Splicetoday

Writing
Oct 06, 2008, 06:23AM

Procrastination Destination

Working through the boredom into inspiration. With pink vinyl.

Pink.jpg?ixlib=rails 2.1

It's fitting, I suppose, that I would be procrastinating over a project about procrastination.

Work has been slow recently, so I solicited suggestions on funny or dangerous things I could do to make the days pass a bit faster. I received about a dozen suggestions and, after a few days, it looked like I would be spending my next work week reading the Oxford English Dictionary, A to Z.

It was Tuesday before I even checked the comment page on the article. One of the side-effects of being bored at work the previous week was a brief bout of Troll's Syndrome, causing me to goad the good readers of Splice Today with some pretty boorish replies. So I was admittedly a bit scared to take another look at the comments and see the wrath that I had wrought.

There were only two new comments. The first of the pair confirmed my theory that reading every page of the OED wasn't the best way to stave off boredom and in doing so recused me from the responsibility to do so. Awesome.

The second of the pair was from Woodrow Wilson. It was so succinct in its encouragement and direction that it changed the course of my week and gave me no choice but to reprint it here:

Maybe, instead of wasting your time, you could seize the initiative and strongly suggest to your boss that he's wasting your talent.

I'd suggest you keep this comment close at hand in cases of self-doubt, listlessness or lethargy.

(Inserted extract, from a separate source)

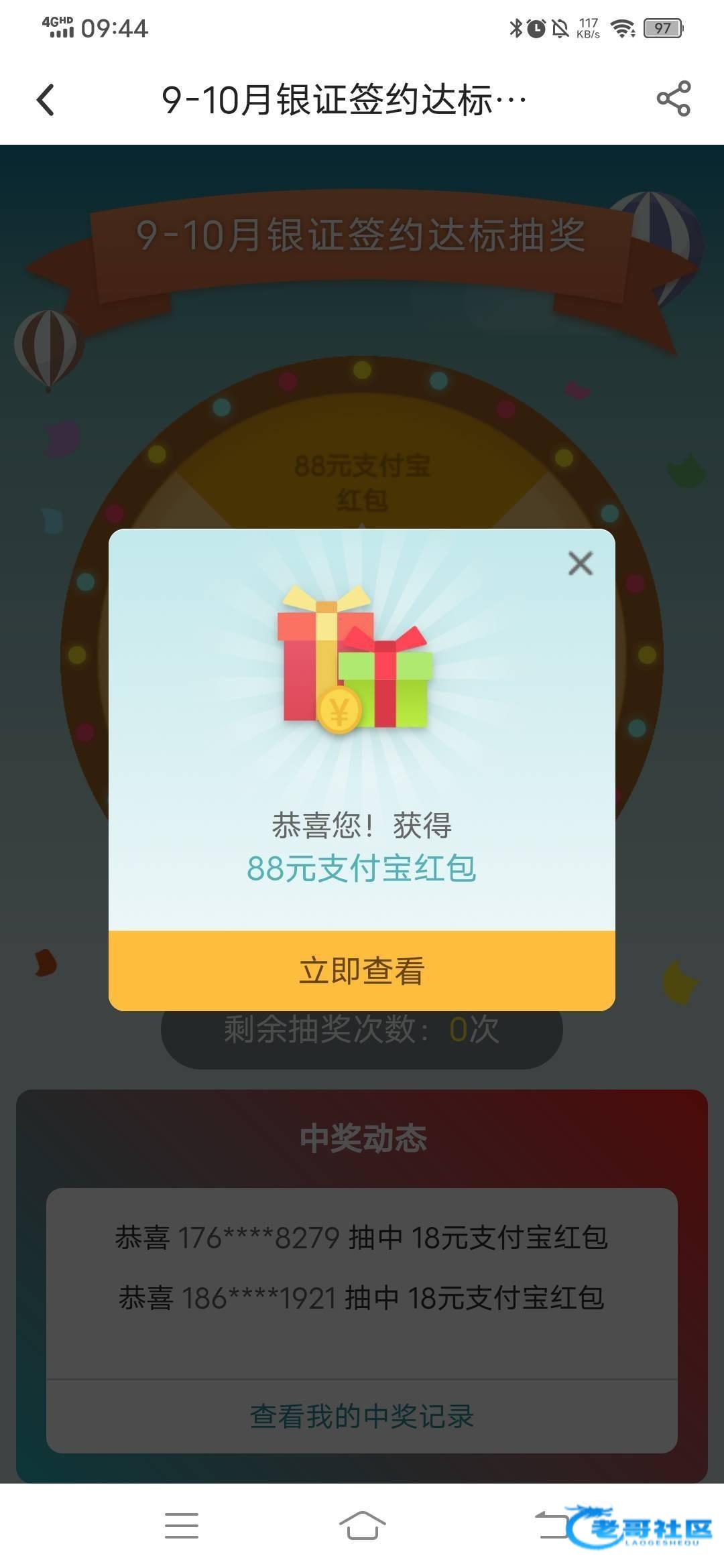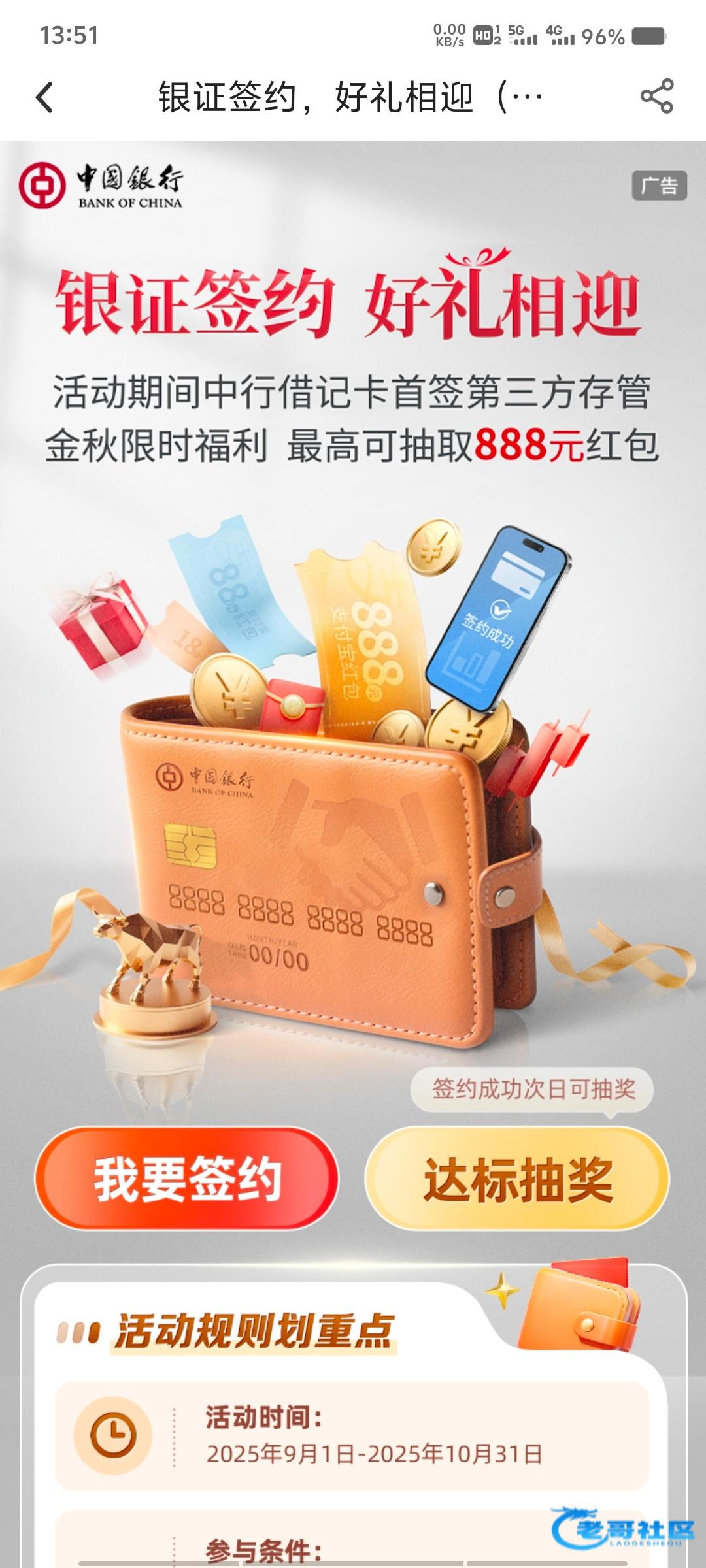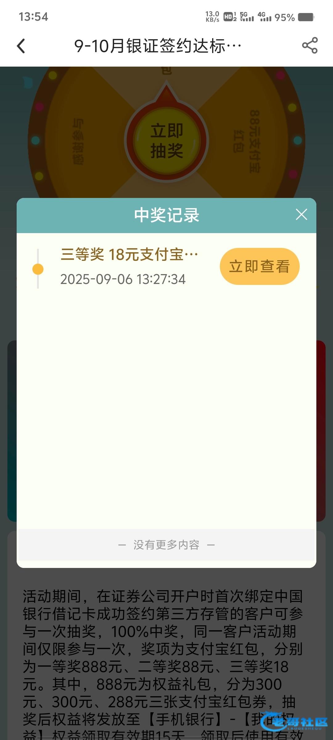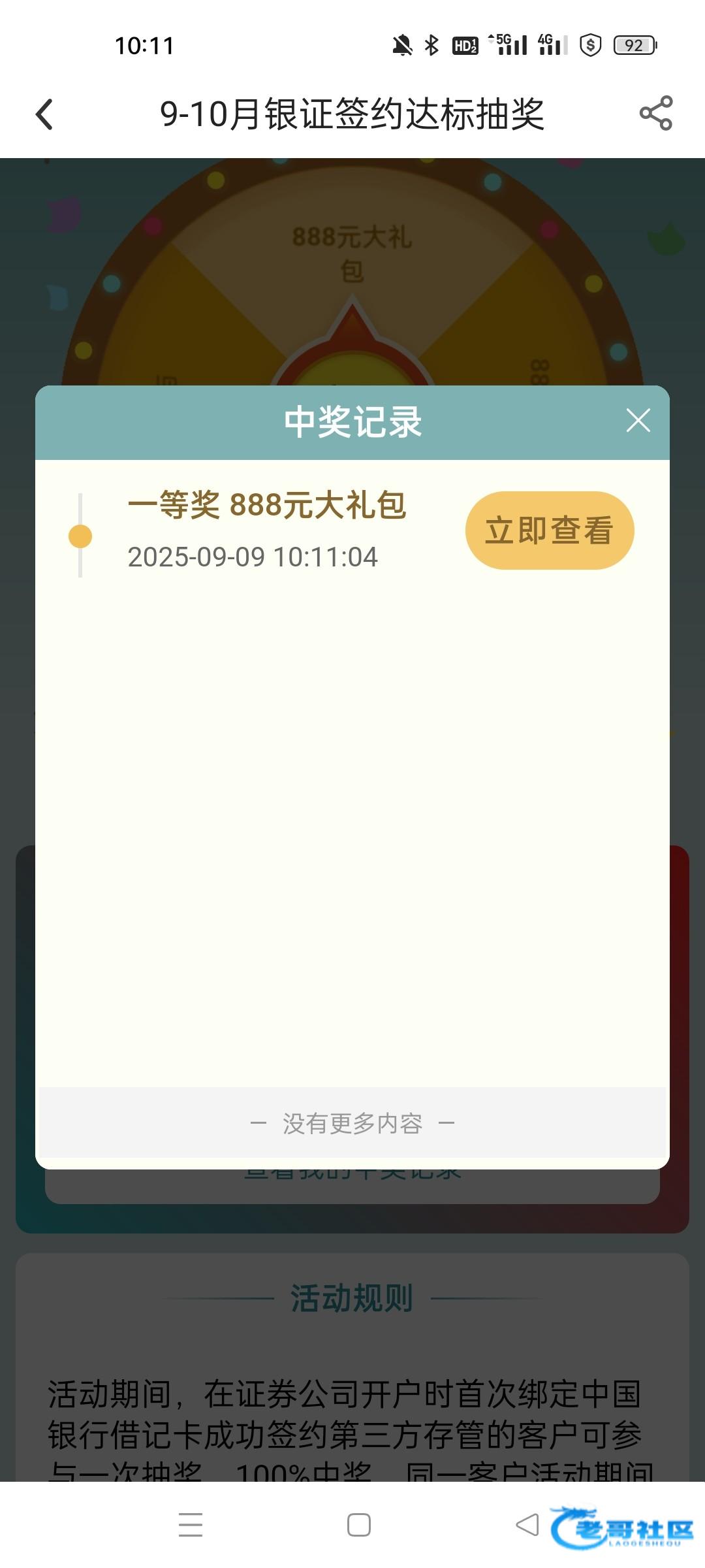 我是甘肃中行二类,昨天湘财证券三方存管换成甘肃中行二类,今天上去直接点完成签约抽奖进去有次数1,抽了个18

I would imagine those words would be welcomed by anyone who spends their week inside a cubicle or at the end of a checkout lane. It certainly helped me.

Brothers and Sisters, let me tell you on that very day at work, I stopped looking at eel porn on VBS and decided to make something of my life.

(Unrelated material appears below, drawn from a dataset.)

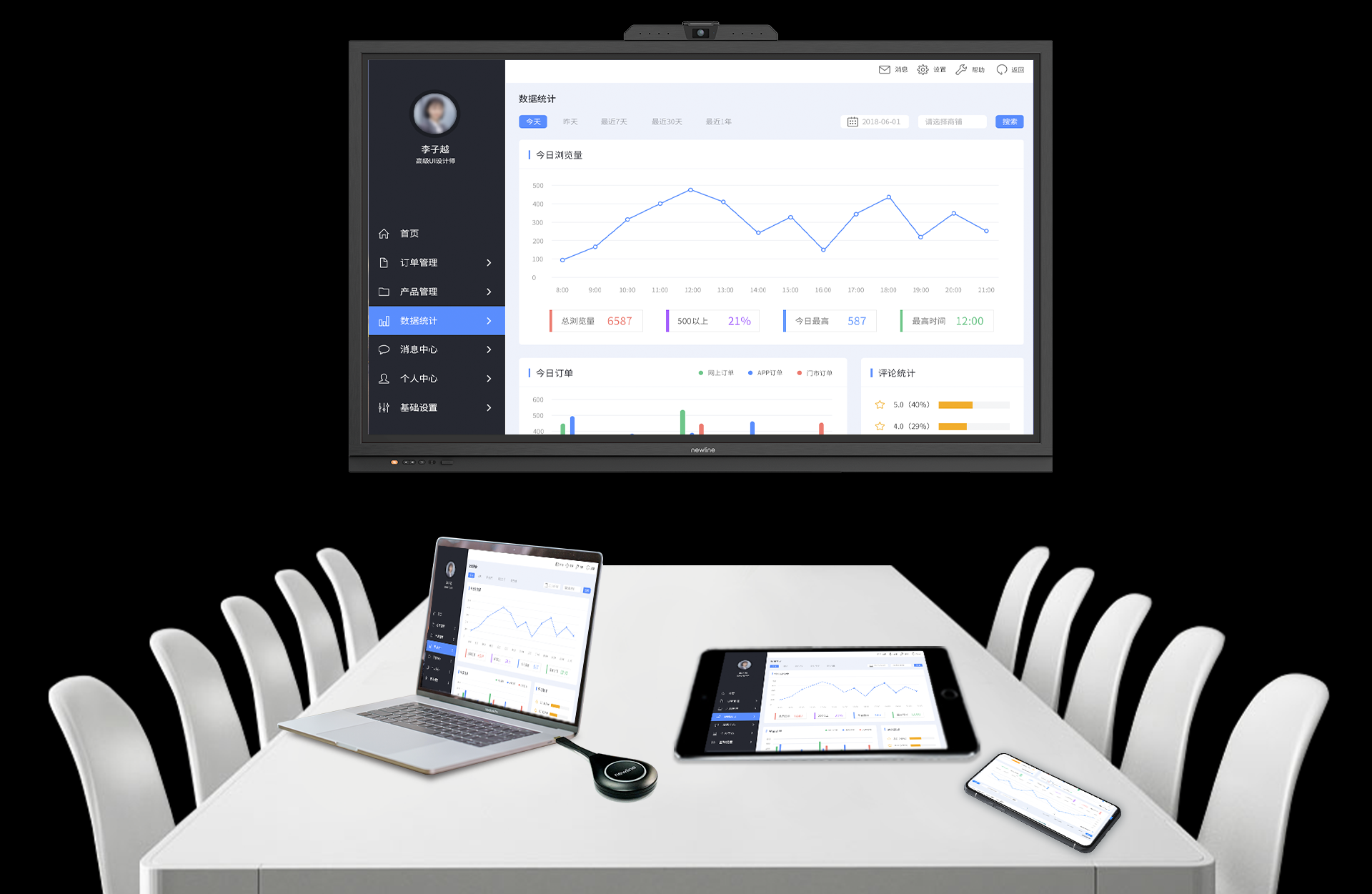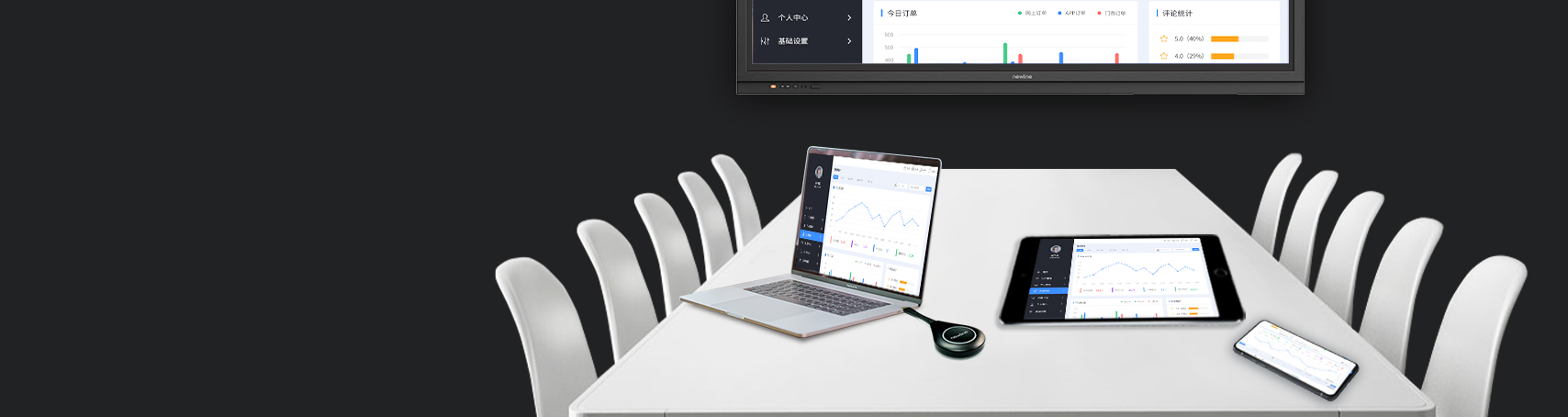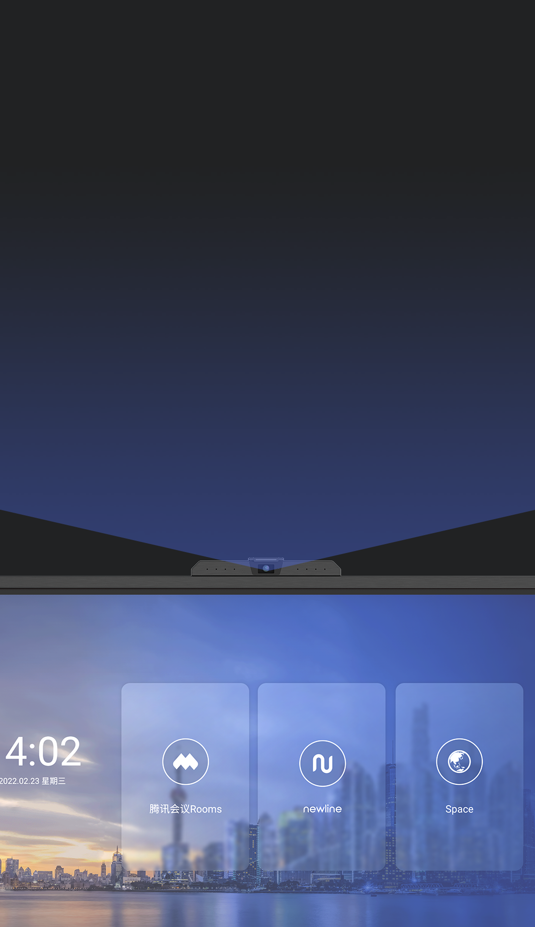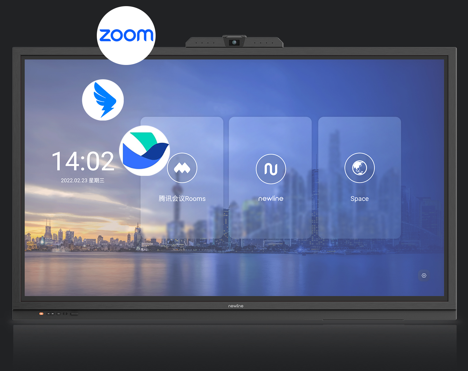 Newline OS 3.0,云+端+空间,更灵活的UI设计,兼容适配腾讯会议Rooms、飞书Rooms国内主流云会议软件,满足不同用户使用需求;无需ops设备,降低用户使用成本和采购成本,快速一键开启云视频会议。

In lieu of saying anything (at all) to my boss, I decided to dig out an old pie-in-the-sky pet project that I'd kept in procrastination limbo for about a year. The project was to raise awareness of the many (literally thousands) of abandoned buildings in Detroit. The pie-in-the-sky part of the idea was to wrap all of them, Christo-style, in pink vinyl.

So, overnight (ha!), Detroit would be transformed into a pink city. The buildings beyond repair would finally be demolished. The buildings worth saving would quite literally be highlighted for investment. In the process, Detroit would shed the weight of a few hundred targets for arson and graffiti. Squatters and vandals aside would lose their base of operations. Turning half of a city pink would attract the attention of the national media and the Detroit City Council would be forced to take action (or something nebulous like that). And the whole thing could be sponsored by GM. It was, in a word, perfect.

I'm sure you can see why this idea spent time in limbo. Besides being absurd (it is), and impossible (that, too), it is also phenomenally short-sighted and optimistic (and, well, it's been done).

And there were more problems, too. The project called for a Flash website and my programming skills didn't extend far past iWeb.

But the story gets brighter from here: With all of that extra time at work, I started taking Flash tutorials. And seeing as how I no longer live in Detroit, my pie-in-the-sky idea has dipped a bit closer to earth. Hopefully, HR at the major ad agencies in LA see PinkBuildings.com (not actually a site, yet) as "brave" and "unique" rather than "kinda dumb" and also "pretty stupid".

And, with luck, I'll be hired to create other unique, dumb ideas for the rest of my life and never again be bored at work. And live happily ever after.

Discussion
  • Rad, dude. So you're going to be sarcastic. That'll go over well on the unemployment line.

    Responses to this comment
  • Huh? No, not at all. I was being completely sincere - your comment on my previous article was inspirational. I was just being preemptively self-effacing. I know the idea isn't great, but I like it. More than that, I like working on it. Working in general, really.

    Responses to this comment
  • My apologies. Rush to judgment, which is never good. Best of luck.